Recorded data
----------

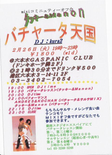 メンバーの皆さま、お待たせいたしました。 2月のバチャ天のご案内です。 今回、また会場を新たにしての開催となりました。 その会場とは。。。。 その会場とは。。。。 若者のクラブシーンの最先端、あの六本木GASPANIC CLUBです。 既に行ったことのある方も、まだ行ったことのない方も、バチャ天@GASPANIC CLUBで盛り上がりましょう! ■日時:2月26日(火)19:00〜23:00 ■場所:六本木GASPANIC CLUB 港区六本木3−14−11 2F 03(3402)7054
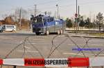 Die Aufnahmen stammen von den Blockupy-Protesttagen im März 2015 in Frankfurt/Main. Der Wawe 10 der bayerischen Bereitschaftspolizei mit der Kennung BY 2 sperrt einen Straßenzug. Auf dem zweiten Foto stehen bayerische Grukw hintereinander aufgereiht, während Einsatzkräfte, u.a. aus Niedersachsen, vorbeilaufen. Fotos: Gottung |
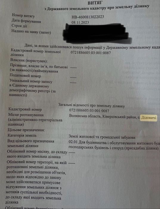 продам землю Волинська область Ківерцівський район село Дідовичі
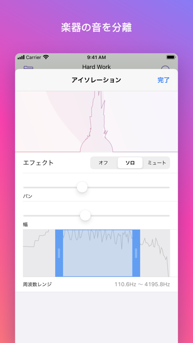 - 楽器やボーカル音を自在に分離。練習したいパートに集中できる
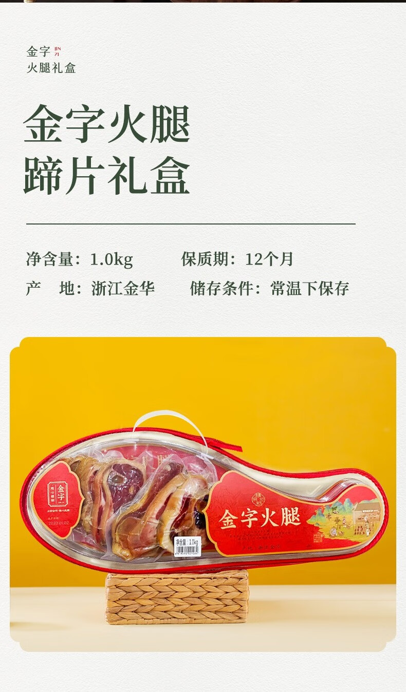 金字金华火腿蹄片礼盒金银蹄切片火腿分割炖汤用品年货礼盒送礼 金字火腿蹄片礼盒1kg
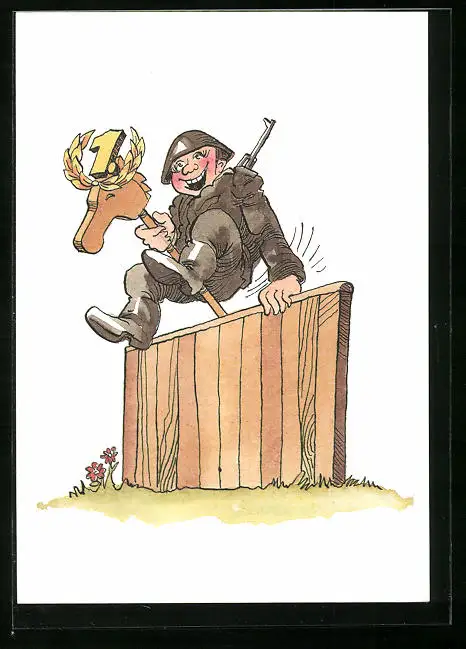 AK Soldat der NVA überwindet mit Steckenpferd ein Hindernis

----------

**Requirement**
Your answer should consist solely of the lines from the one with "продам землю Волинська" through the last line of the entries, restated word for word, with the pictures omitted.

**Reply**
 продам землю Волинська область Ківерцівський район село Дідовичі
 - 楽器やボーカル音を自在に分離。練習したいパートに集中できる
 金字金华火腿蹄片礼盒金银蹄切片火腿分割炖汤用品年货礼盒送礼 金字火腿蹄片礼盒1kg
 AK Soldat der NVA überwindet mit Steckenpferd ein Hindernis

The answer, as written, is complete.